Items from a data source
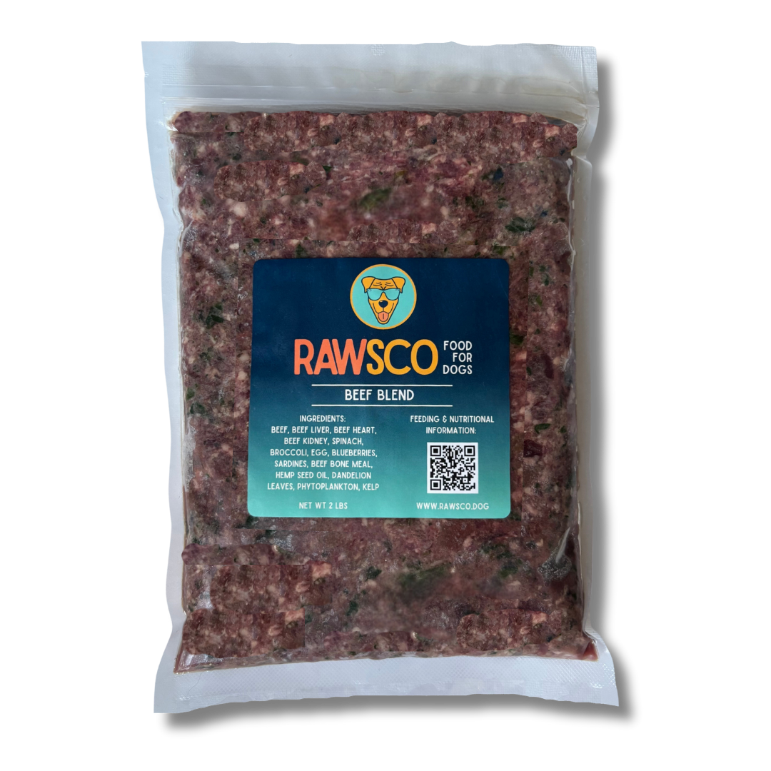 - Complete dog diet with lean ground beef, beef organs, fish, fruits and vegetables, and whole food supplemental oils and powders.
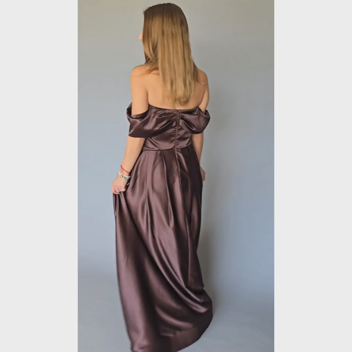 Hermoso vestido de fiesta satinado escote de corazón color chocolate
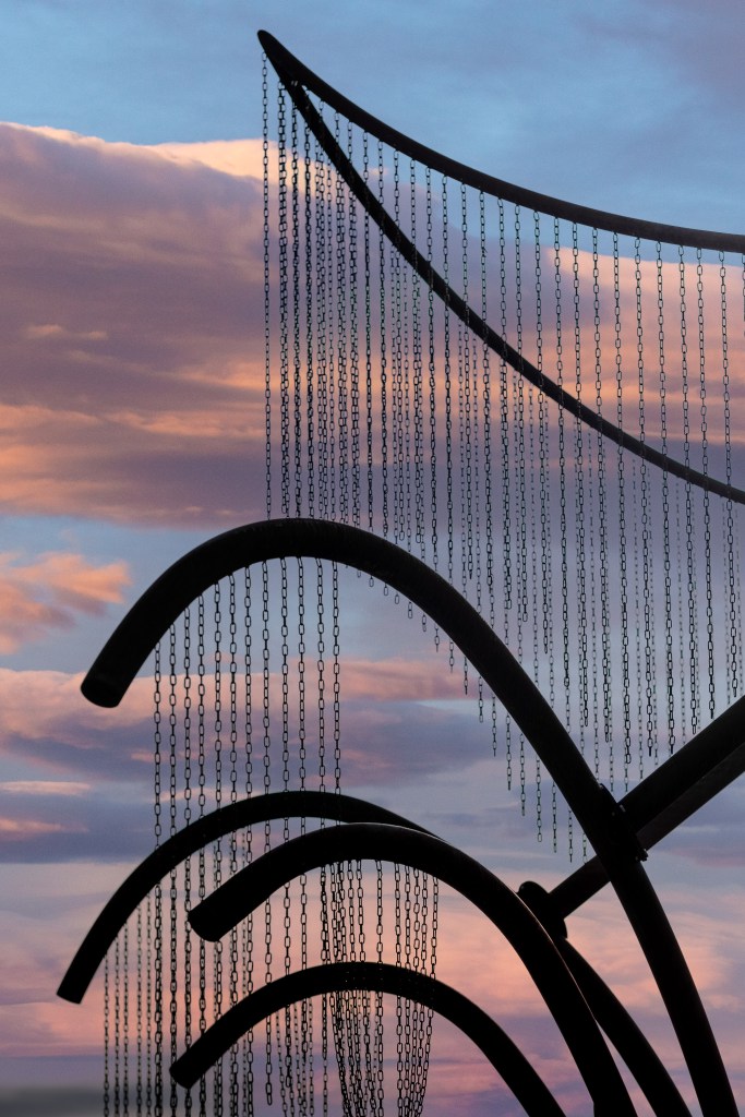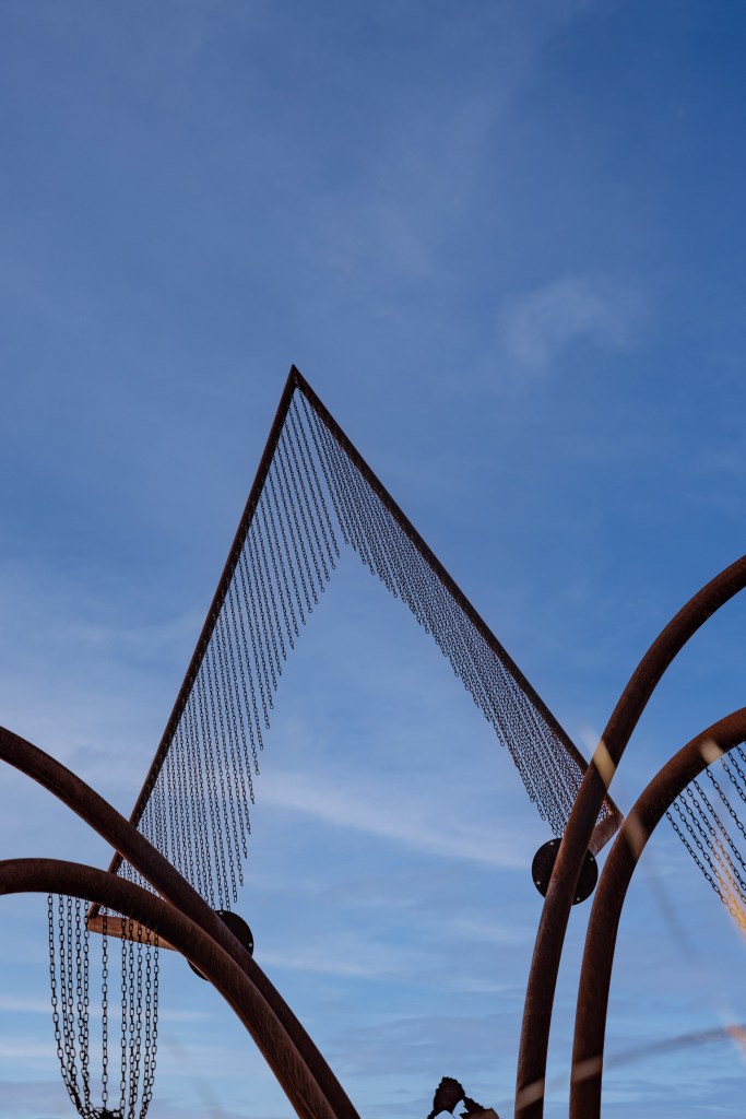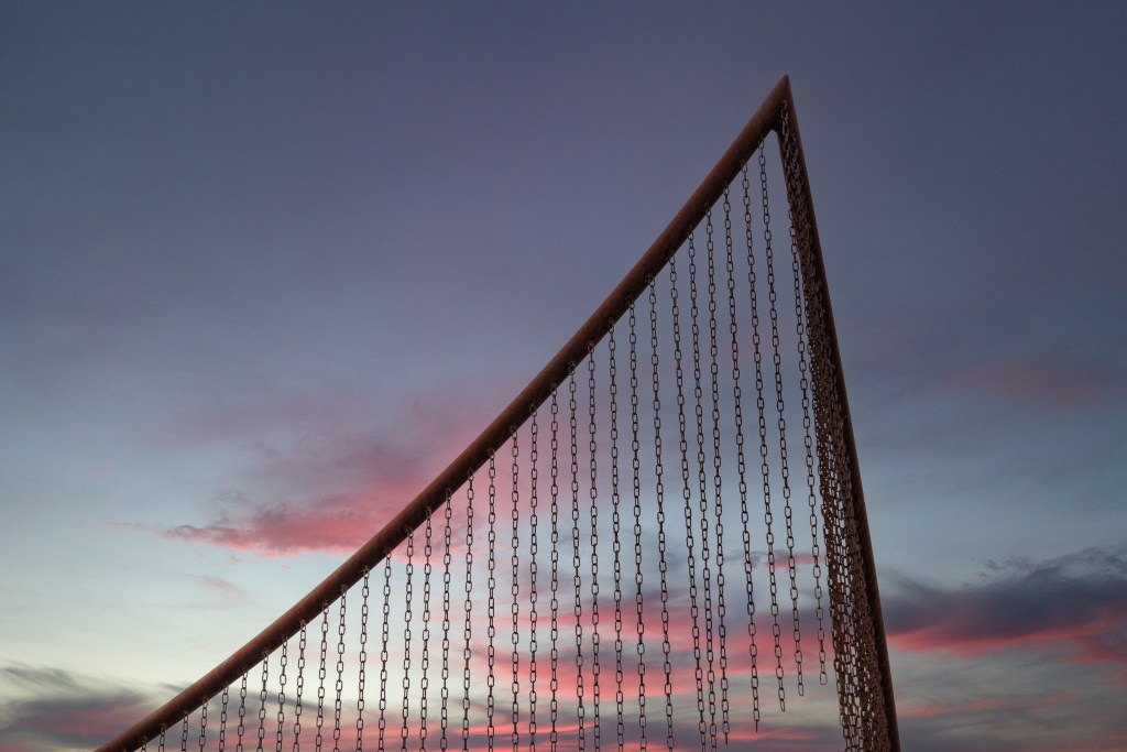 Tutta una forma, una struttura, per far dondolare delle catene, che non legassero più; e a ben vedere, di cosa è fatta, una catena, se non soprattutto d’aria? Cosa appare, nelle sue maglie – cosa si vede, se non la vastità del cielo?
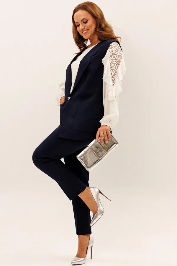 Комплект женский 3-х предметный: жилет, брюки и блуза.
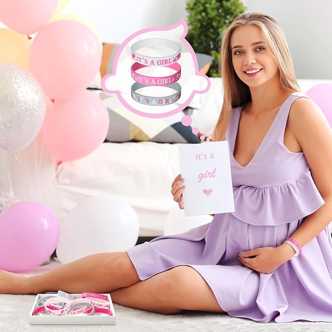 - Wide Application: it is ideal for everyone who joins the baby shower party, gender reveal party, and suitable to be applied as good gifts for your families, friends and colleagues; The baby shower rubber wristband bracelets can be matched with other baby birthday party like balloon boxes, which could create a joyful atmosphere and make your gender reveal party full of laughter
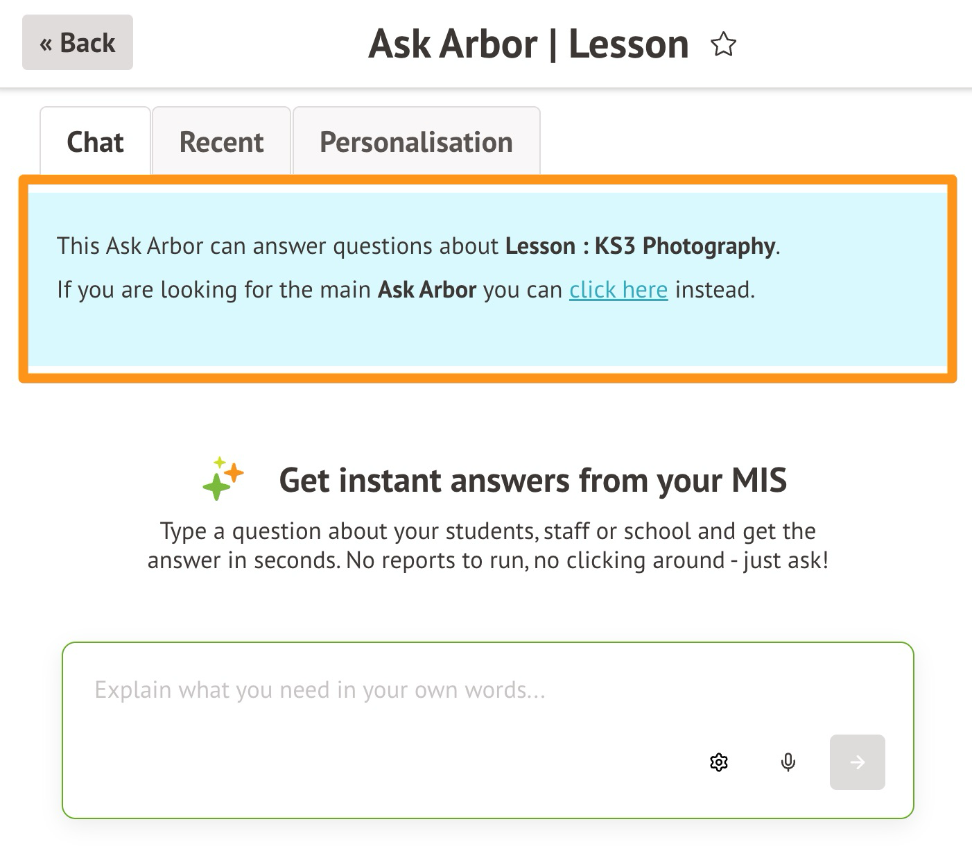 If you cannot see the Ask Arbor button or specific AI features mentioned in this guide, but believe you need access to save time in your role, please contact your school's admin team and refer them to this guidance on managing AI permissions.
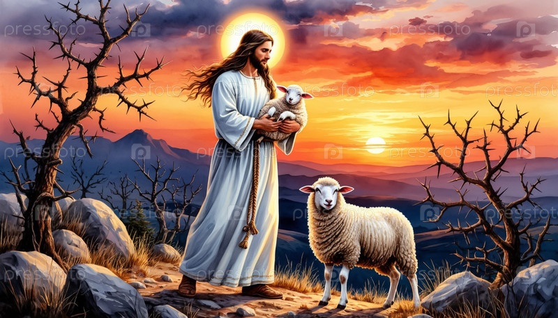 Религиозный флаг Христос держит овец среди шипов Рождество
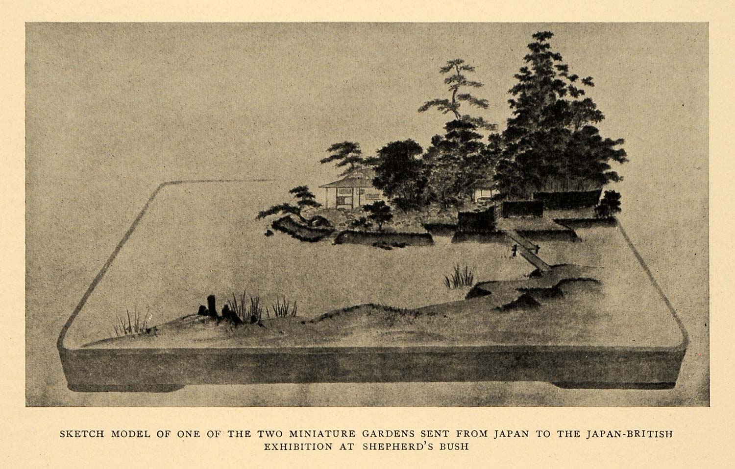 This is an original 1910 halftone print of a sketch model of on of the two miniature gardens sent from Japan to the Japanese-British Exhibition at Shepherd's Bush, an area west of London (located in the London Borough of Hammersmith and Fulham).
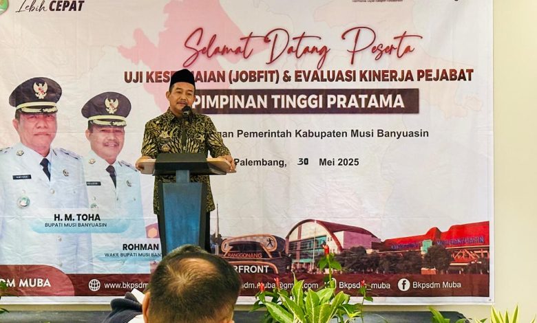 SIBERNAS1.com, Palembang — 30 Mei 2025 – Wakil Bupati Musi Banyuasin, Kyai Rohman, membuka acara Job Fit dan Evaluasi Kinerja Pejabat Pimpinan Tinggi Pratama (PPTP) di Hotel Santika Premiere Bandara Palembang. Acara ini bertujuan untuk memastikan kesesuaian kompetensi pejabat dengan kebutuhan dan arah pembangunan daerah, serta meningkatkan kualitas pelayanan publik.

Problem
Give the lines again word for word, from the start of the records to the line holding "Религиозный флаг Христос", both included, and leave out any picture.

Response below
 - Complete dog diet with lean ground beef, beef organs, fish, fruits and vegetables, and whole food supplemental oils and powders.
 Hermoso vestido de fiesta satinado escote de corazón color chocolate
 Tutta una forma, una struttura, per far dondolare delle catene, che non legassero più; e a ben vedere, di cosa è fatta, una catena, se non soprattutto d’aria? Cosa appare, nelle sue maglie – cosa si vede, se non la vastità del cielo?
 Комплект женский 3-х предметный: жилет, брюки и блуза.
 - Wide Application: it is ideal for everyone who joins the baby shower party, gender reveal party, and suitable to be applied as good gifts for your families, friends and colleagues; The baby shower rubber wristband bracelets can be matched with other baby birthday party like balloon boxes, which could create a joyful atmosphere and make your gender reveal party full of laughter
 If you cannot see the Ask Arbor button or specific AI features mentioned in this guide, but believe you need access to save time in your role, please contact your school's admin team and refer them to this guidance on managing AI permissions.
 Религиозный флаг Христос держит овец среди шипов Рождество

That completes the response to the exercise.